____ THE DATA

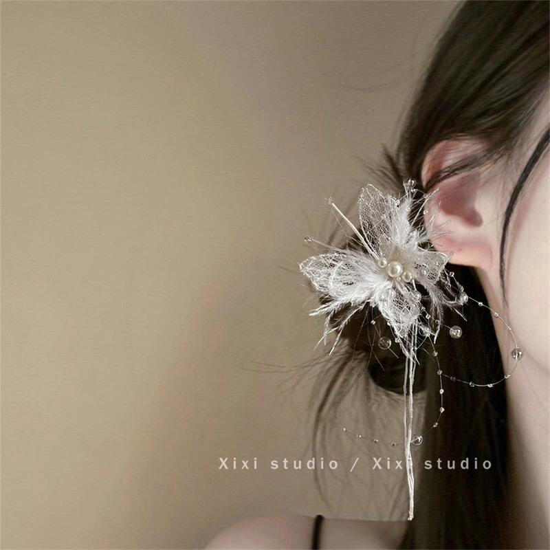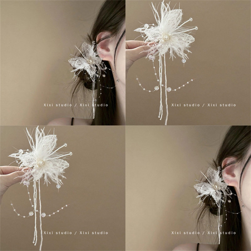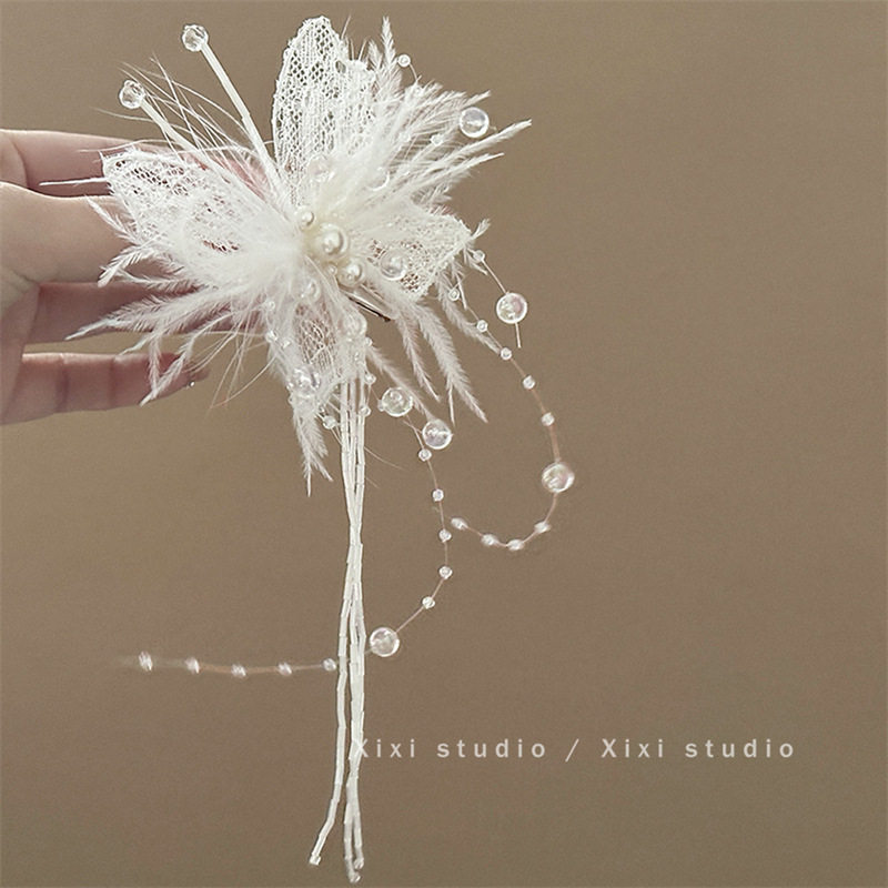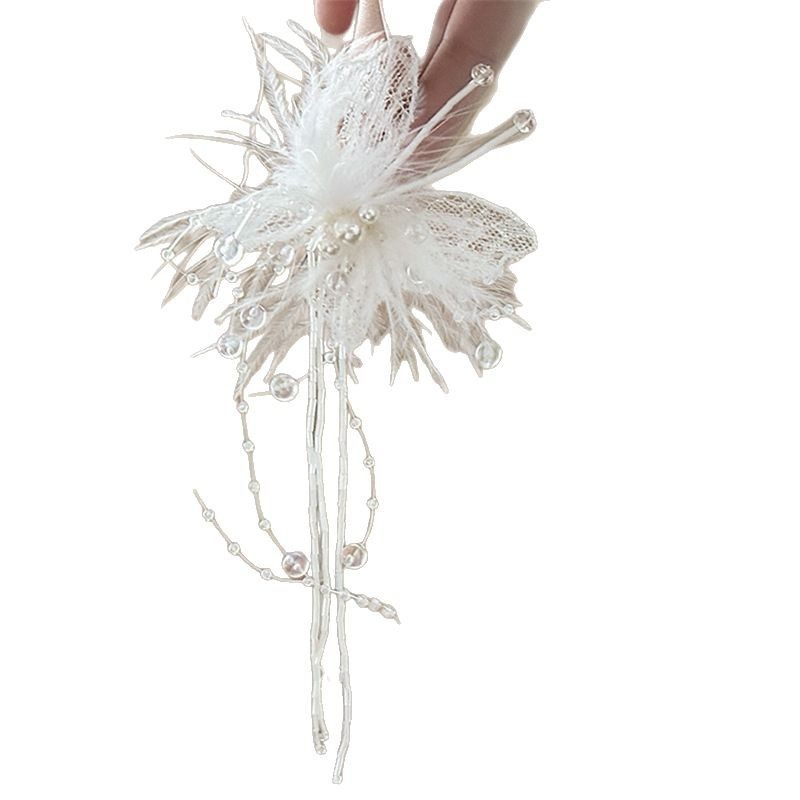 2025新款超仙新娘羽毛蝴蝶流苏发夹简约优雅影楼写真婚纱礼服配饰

________
____ THE DATA

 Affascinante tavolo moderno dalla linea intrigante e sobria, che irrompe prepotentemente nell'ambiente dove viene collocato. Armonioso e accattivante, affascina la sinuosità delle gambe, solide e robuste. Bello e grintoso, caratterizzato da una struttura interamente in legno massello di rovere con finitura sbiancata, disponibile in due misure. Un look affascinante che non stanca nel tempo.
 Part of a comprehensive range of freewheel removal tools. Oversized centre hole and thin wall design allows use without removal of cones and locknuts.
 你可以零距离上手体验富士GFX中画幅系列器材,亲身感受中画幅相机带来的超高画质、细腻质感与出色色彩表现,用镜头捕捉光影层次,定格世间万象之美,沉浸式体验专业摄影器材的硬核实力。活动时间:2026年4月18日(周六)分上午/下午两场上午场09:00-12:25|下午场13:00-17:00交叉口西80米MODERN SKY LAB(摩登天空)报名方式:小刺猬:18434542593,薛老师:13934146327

________
____ THE DATA

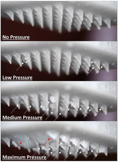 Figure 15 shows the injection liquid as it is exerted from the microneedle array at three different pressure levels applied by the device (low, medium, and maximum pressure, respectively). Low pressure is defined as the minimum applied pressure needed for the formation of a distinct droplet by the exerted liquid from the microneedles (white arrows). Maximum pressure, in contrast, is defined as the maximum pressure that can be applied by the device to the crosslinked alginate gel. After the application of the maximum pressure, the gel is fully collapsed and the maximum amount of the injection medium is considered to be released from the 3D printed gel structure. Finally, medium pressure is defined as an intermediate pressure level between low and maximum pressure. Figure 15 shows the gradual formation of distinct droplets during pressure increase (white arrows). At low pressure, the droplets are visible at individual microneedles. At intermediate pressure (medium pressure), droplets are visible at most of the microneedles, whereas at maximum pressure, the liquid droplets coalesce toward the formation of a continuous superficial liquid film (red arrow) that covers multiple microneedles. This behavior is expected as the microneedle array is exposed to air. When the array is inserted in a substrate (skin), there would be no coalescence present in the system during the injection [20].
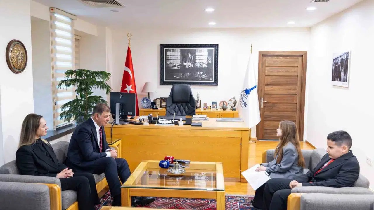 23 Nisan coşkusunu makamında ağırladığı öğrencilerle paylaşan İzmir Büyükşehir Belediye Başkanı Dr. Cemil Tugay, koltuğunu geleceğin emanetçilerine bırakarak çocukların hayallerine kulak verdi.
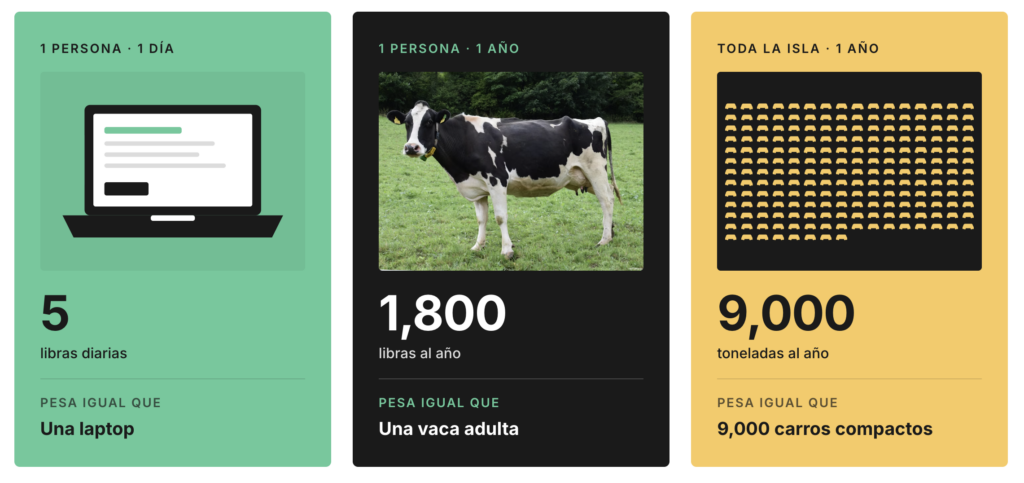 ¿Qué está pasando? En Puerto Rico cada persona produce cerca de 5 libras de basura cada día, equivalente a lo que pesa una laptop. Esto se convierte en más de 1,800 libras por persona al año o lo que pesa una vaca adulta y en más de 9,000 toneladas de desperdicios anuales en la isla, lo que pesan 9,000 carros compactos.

________

- HOW TO COMPLETE THIS TASK -
Using the material above, reproduce only the lines that run from the line with "Figure 15 shows the injection" up to and including the line with "23 Nisan coşkusunu", exactly, with the pictures dropped.

- REPLY TO THE EXERCISE -
 Figure 15 shows the injection liquid as it is exerted from the microneedle array at three different pressure levels applied by the device (low, medium, and maximum pressure, respectively). Low pressure is defined as the minimum applied pressure needed for the formation of a distinct droplet by the exerted liquid from the microneedles (white arrows). Maximum pressure, in contrast, is defined as the maximum pressure that can be applied by the device to the crosslinked alginate gel. After the application of the maximum pressure, the gel is fully collapsed and the maximum amount of the injection medium is considered to be released from the 3D printed gel structure. Finally, medium pressure is defined as an intermediate pressure level between low and maximum pressure. Figure 15 shows the gradual formation of distinct droplets during pressure increase (white arrows). At low pressure, the droplets are visible at individual microneedles. At intermediate pressure (medium pressure), droplets are visible at most of the microneedles, whereas at maximum pressure, the liquid droplets coalesce toward the formation of a continuous superficial liquid film (red arrow) that covers multiple microneedles. This behavior is expected as the microneedle array is exposed to air. When the array is inserted in a substrate (skin), there would be no coalescence present in the system during the injection [20].
 23 Nisan coşkusunu makamında ağırladığı öğrencilerle paylaşan İzmir Büyükşehir Belediye Başkanı Dr. Cemil Tugay, koltuğunu geleceğin emanetçilerine bırakarak çocukların hayallerine kulak verdi.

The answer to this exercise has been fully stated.